The number of labeled items that's required to start assisted labeling isn't a fixed number. This number can vary significantly from one labeling project to another. The variance depends on many factors, including the number of label classes and the label distribution.
When you use consensus labeling, the consensus label is used for training.
Because the final labels still rely on input from the labeler, this technology is sometimes called human-in-the-loop labeling.
Note
ML-assisted data labeling doesn't support default storage accounts that are secured behind a virtual network. You must use a non-default storage account for ML-assisted data labeling. The non-default storage account can be secured behind the virtual network.
Pre-labeling
After you submit enough labels for training, the trained model is used to predict tags. The labeler now sees pages that show predicted labels already present on each item. The task then involves reviewing these predictions and correcting any mislabeled items before page submission.
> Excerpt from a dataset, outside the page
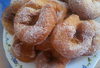 y las iremos friendo en abundante aceite caliente vamos sacando en un plato con papel absorbente y los vamos pasando por azúcar.
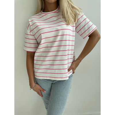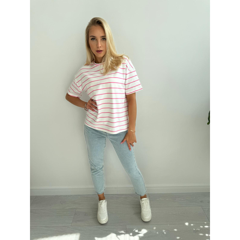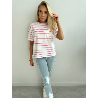 T-shirt STRIPES - klasyczny, biały kolor bazy połączony z cieniutkimi paseczkami w odcieniu nasyconego, neonowego różu - mega modny wzór tej wiosny!

After you train the machine learning model on your manually labeled data, the model is evaluated on a test set of manually labeled items. The evaluation helps determine the model's accuracy at different confidence thresholds. The evaluation process sets a confidence threshold beyond which the model is accurate enough to show pre-labels. The model is then evaluated against unlabeled data. Items that have predictions that are more confident than the threshold are used for pre-labeling.
Initialize the text labeling project
After the labeling project is initialized, some aspects of the project are immutable. You can't change the task type or dataset. You can modify labels and the URL for the task description. Carefully review the settings before you create the project. After you submit the project, you return to the Data Labeling overview page, which shows the project as Initializing.
Note
The overview page might not automatically refresh. After a pause, manually refresh the page to see the project's status as Created.
Troubleshooting
For problems creating a project or accessing data, see Troubleshoot data labeling.